Data segment
---*---

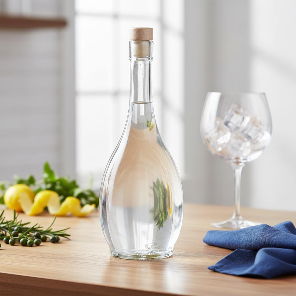 Elegante bottiglia di vetro da 500 ml, "Saragossa" si distingue per il design classico rivisitato in chiave contemporanea, vanta una base ovale, corpo panciuto e collo lungo: l'ideale bottiglia da grappa, alcolici ma anche olio e aceto.
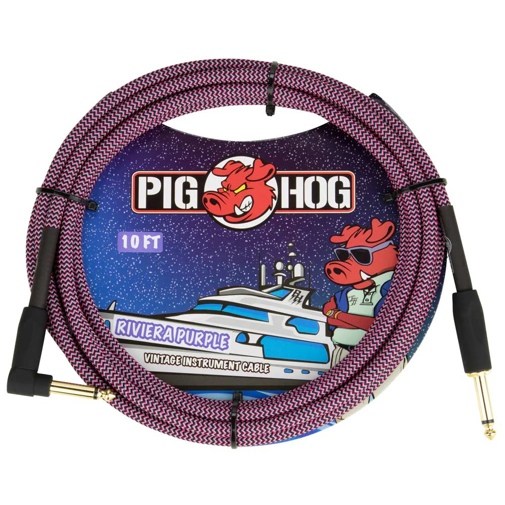 Pig Hog PCH10RPPR Vintage Woven Straight to Right Angle Instrument Cable - Riviera Purple - 10 ft.
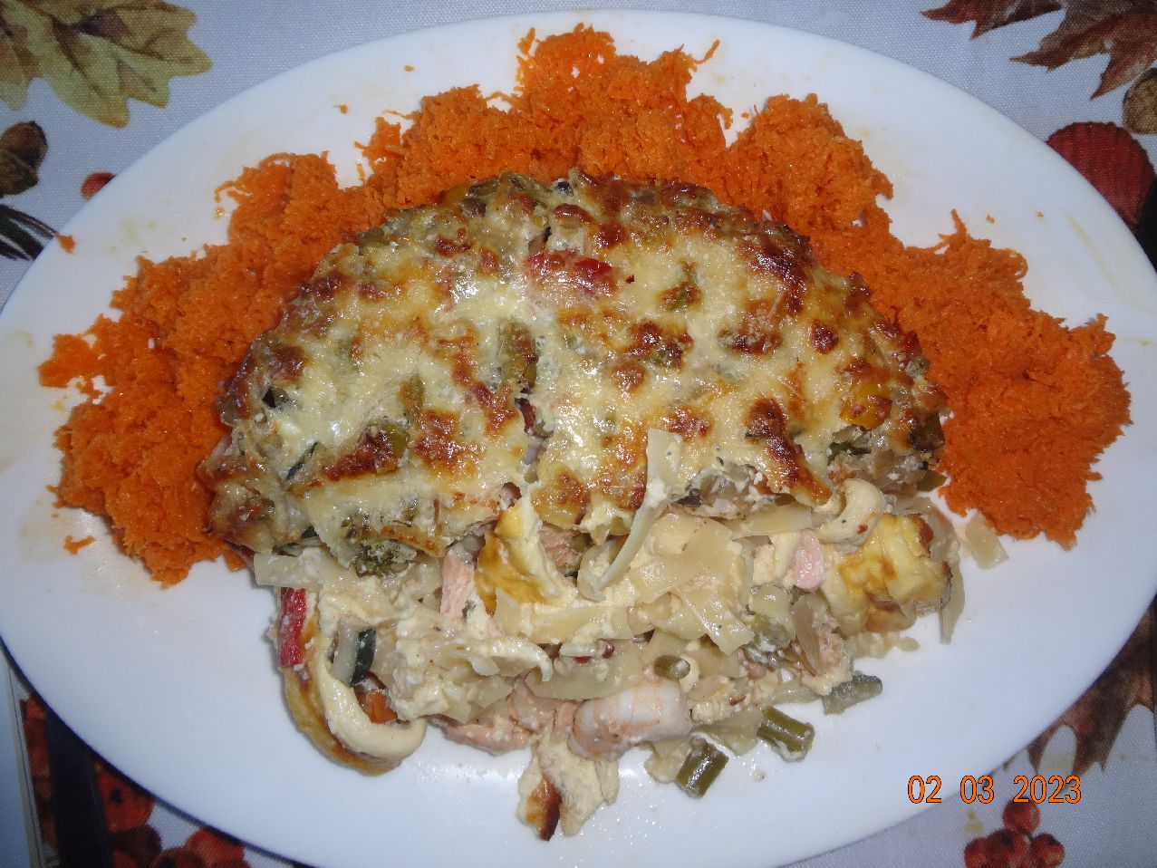 Lachs-Garnelen-Auflauf(*) mit italienischem Pfannen-Gemüse, Tagliatelle, Möhrensalat

---*---

What you are asked to do
Nothing but the lines from the beginning of the material through the line with "Pig Hog PCH10RPPR" should appear, printed exactly, with no pictures among them.

Output of the task
 Elegante bottiglia di vetro da 500 ml, "Saragossa" si distingue per il design classico rivisitato in chiave contemporanea, vanta una base ovale, corpo panciuto e collo lungo: l'ideale bottiglia da grappa, alcolici ma anche olio e aceto.
 Pig Hog PCH10RPPR Vintage Woven Straight to Right Angle Instrument Cable - Riviera Purple - 10 ft.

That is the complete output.